Mishka Mojabber Mourani is a prolific writer of both prose and poetry. Born in Egypt to Greek and Lebanese parents, she takes us on a carousel spin through memory and history recounted in a series of flashbacks of different balcony episodes collected from family, friends, and forgotten homes.
Mourani’s colorful, decorative balconies in Egypt, Greece, and Lebanon offer an alluring glimpse into the lifestyles of Levantine families in the old Middle East. Through matchbox stories and poignant reflections, Mourani measures the aftermath of dislocation and ruthlessly uses her favorite spaces to pursue an individual identity that would, in later years, make for a somewhat settled tranquility within a bruised spirit. The slim paperback is made up of essays, journal clippings, old photographs, e-mail messages, and even Skype conversations between friends. The dates are not in order but the neat maze constitutes a careful, contemplative memoir. Landscapes and settings shape sentiments. One senses Mourani’s demanding desire to share lost truths with the reader.
Mourani’s account also marks a significant historical journey through exile into various lands and the harsh truths of brutal wars and lost roads. The young Mourani and her family were forced to move countries for political reasons when Gamal Abdel Nasser came to power in Egypt in 1952. The young adult would be hastily transported from Alexandria to Greece and eventually onward to Beirut. Later, there would be a temporary emigration to Australia before the sentimental call of Beirut beckoned Mourani’s mother with a wrenching homesickness. On their return to Beirut, the family would find themselves locked in the Lebanese civil war that lasted from 1975 to 1990 and that would, at times, threaten the very fiber of their existence.
In those years of a lawless civil violence, even the beloved balcony held a threat.
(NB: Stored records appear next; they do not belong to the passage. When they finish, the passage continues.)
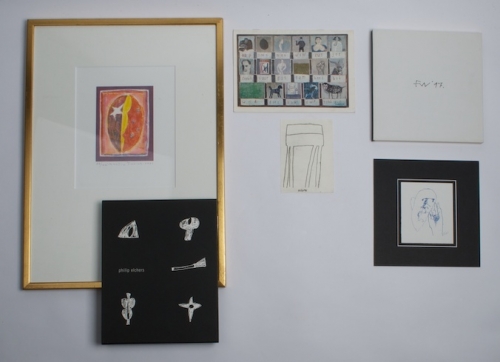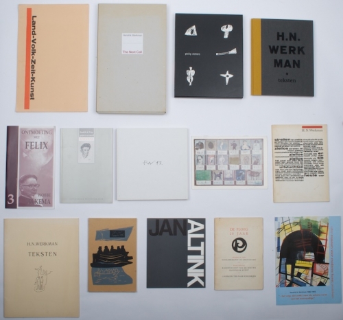 Philip Elchers, 2001. 96 p. bound in cassette. Nr. 53 out of 100 signed and exclusive copies. Multicoloured lithograph by Tissing (in frame). + Klaas Gubbels, Catalogus Quaries van ufford-Prijs, 1971. Stapled, 20 p. With insert leaf and separate etch of "een zeer klein tafeltje". + Fie Werkman, sketches 1970-1990. Egbert Forsten, 1996. Nr. 10 out of 10 copies with original drawing, in cassette - and 11 others, all concerning Werkman/de Ploeg.
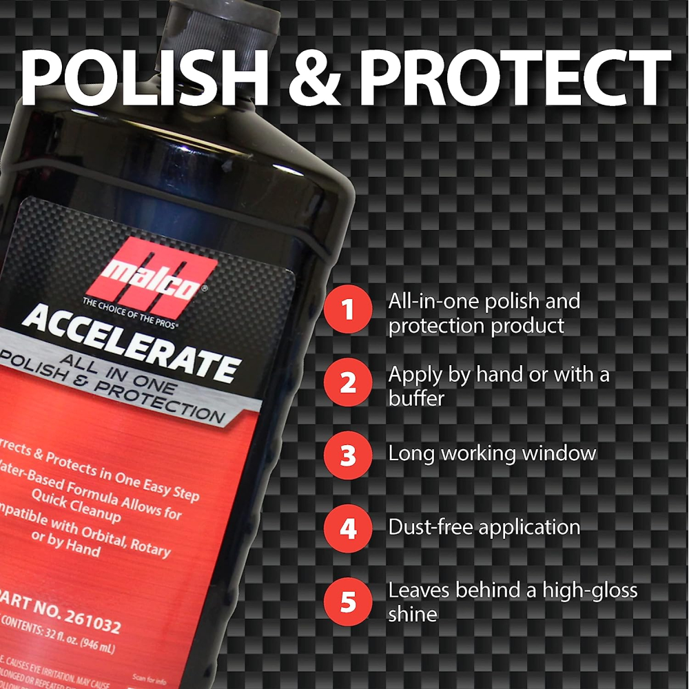 Malco Accelerate All in One polish is een eenstaps polijstmiddel, speciaal ontwikkeld om lichte tot middelzware lakdefecten te verwijderen.
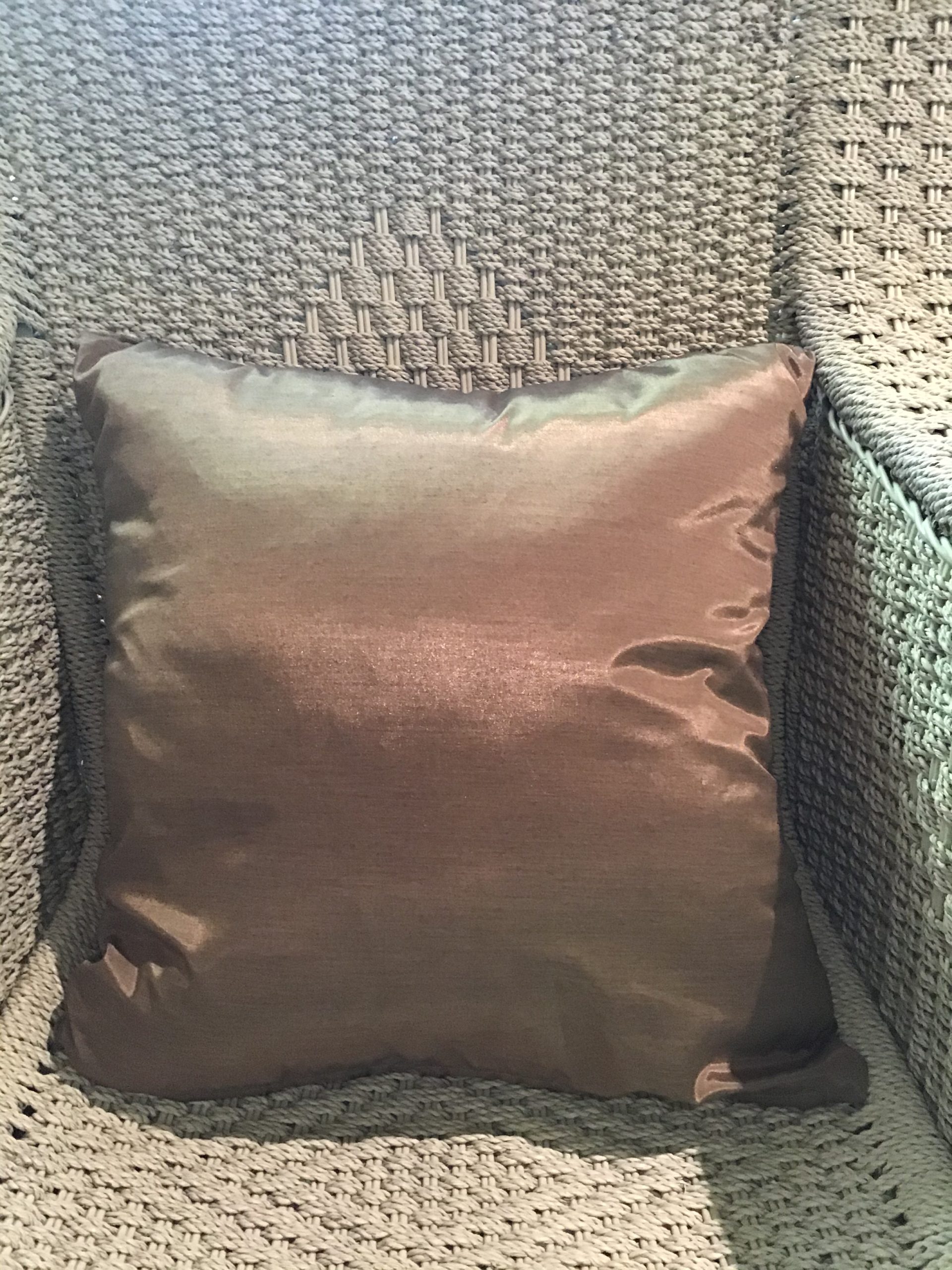 45cm x 45cm scatter cushion cover with zipper opening in bottom seam of cushion. Polyester blend fabric that looks like silk in bronze colour.
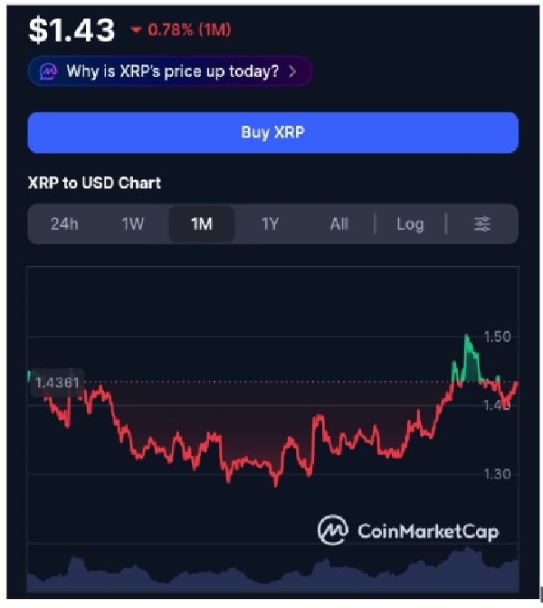 On the other hand, XRP has slightly dropped over the past month, recording a minimal dip of about 0.78%.
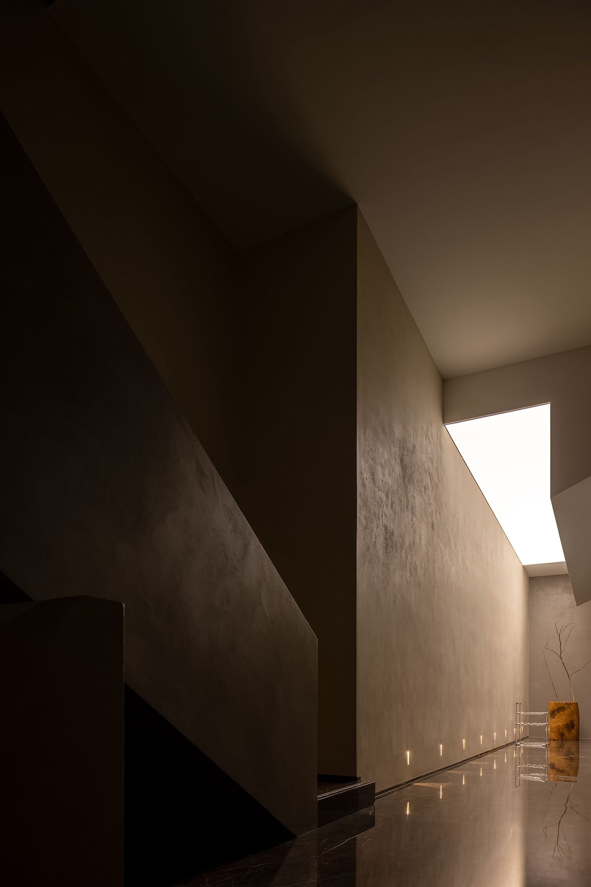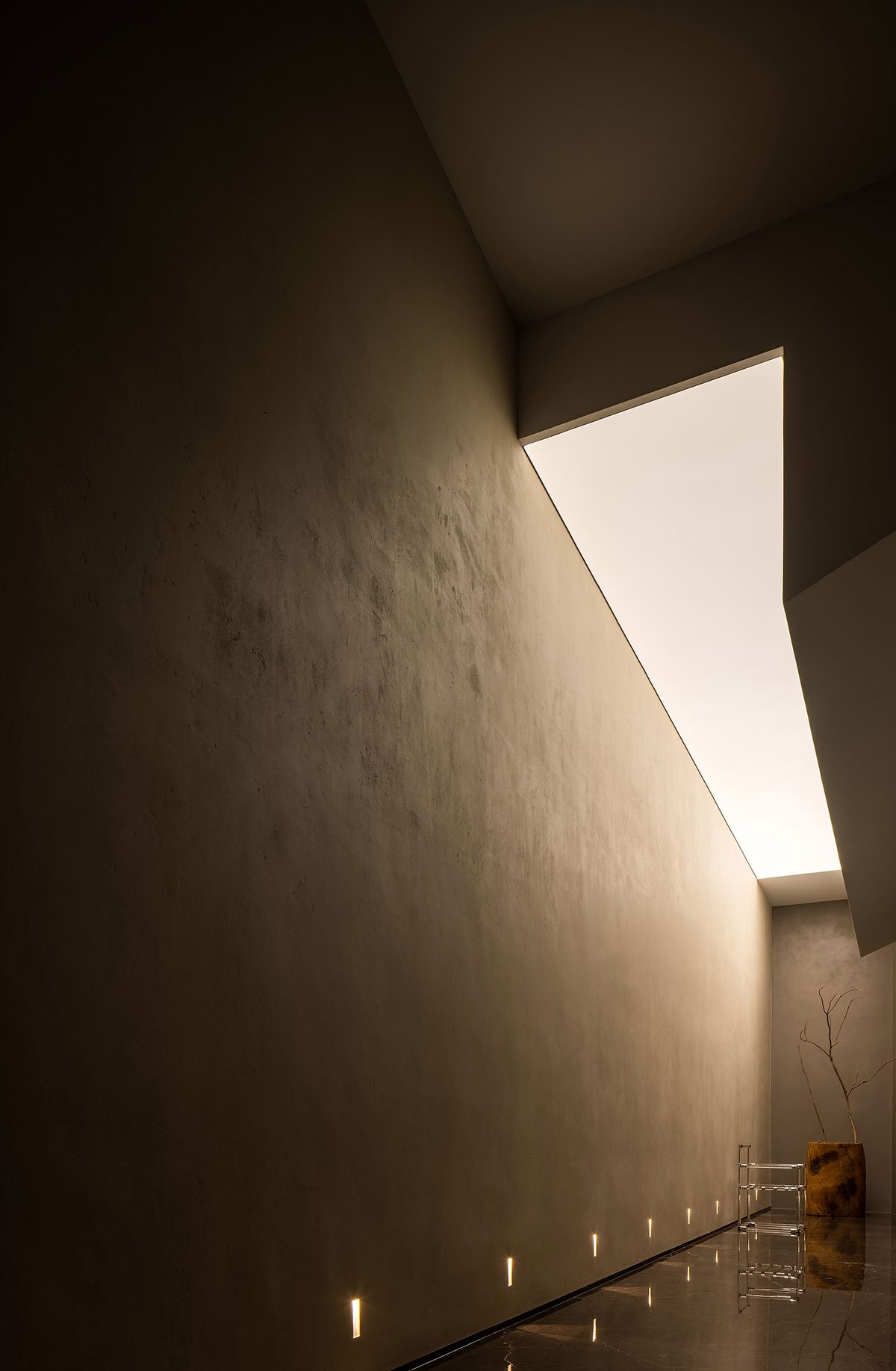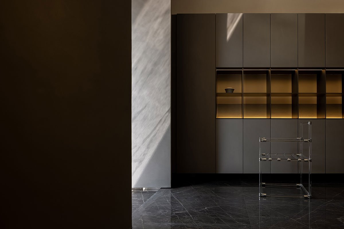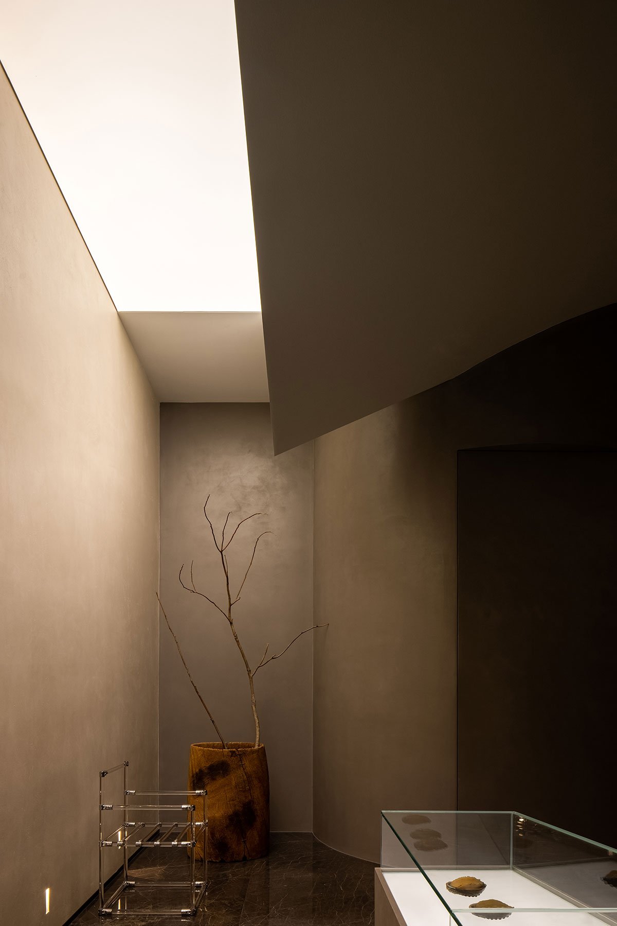 Objects shape the space and its spirit by the action of light. Light and objects are interdependent. The designers resorted to light to better outline the form of the space to subtly impact its mood, and thus to create a sense of self-consistent presence rather than being an independent system, let alone an abrupt opposition.
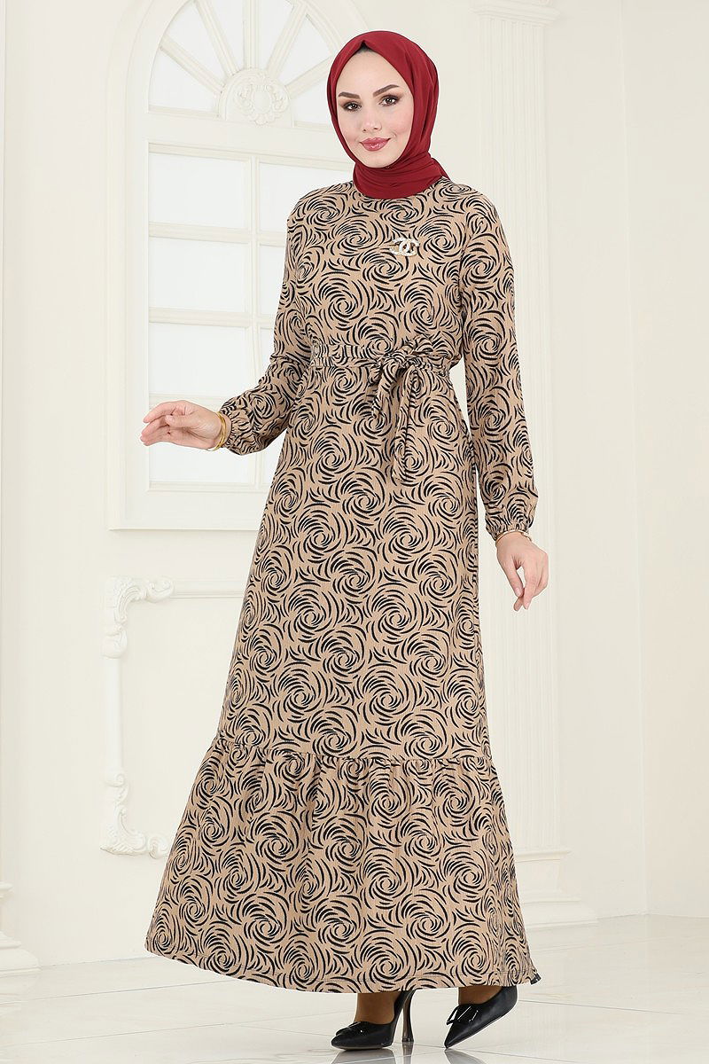 Patterned Belted Dress is a modest fashion item. It is suitable for the Autumn and Winter seasons. It should be washed at 30 degrees without wringing. It is made of first-class Karen fabric. The product has a bicycle collar design and is unlined. The inner dress can be worn from the head. To prevent the belt from fluttering, the two ends are sewn, and the middle part is left empty (seamless). The belt is included with the product and can be optionally used.

Mourani writes, “The armed men spent three days in our home. The battle was vicious. The men settled in our bedrooms that extended to the balcony overlooking the narrow streets of Zarif and shot at their enemies-de-jour who obliged with equal generosity. They kept us in the kitchen.”
Yet, so robust was the family’s love for Lebanon, that unlike many who emigrated to the Gulf, the United States, and Europe, Mourani and her parents weathered shootings, bombings, long hours of basement refuge, and years of shells that tore cruelly into homes and human skin like paper.
In those years of a lawless civil
violence, even the beloved
balcony held a threat.
Balconies as an architectural structure didn’t just help Mourani meditate on all things beautiful, lost, and forgotten. They didn’t just remind her of faded family gatherings where her uncles told stories and smoked cigarettes while her aunts and cousins laughed, feasted on traditional fare, rested after elaborate church ceremonies, and made merry together in a time of war. They weren’t just hurried alternative replacements for shelled walls and torn down rooms as evident in a few of Mourani’s tragic photographs. Her favorite scent of jasmine conjures up the beauty and comfort of Beirut balconies. She writes, “Beirut knows no twilight, that stretch of time and diffused light after the sun has set. Beirut has lost its gardens but not its fragrances. The fragile jasmines, absurd in this city bedecked with tortuous vines of electric wires, work themselves loose at dusk, carrying in their tall fragments memories of what was, what isn’t, and what always will be.”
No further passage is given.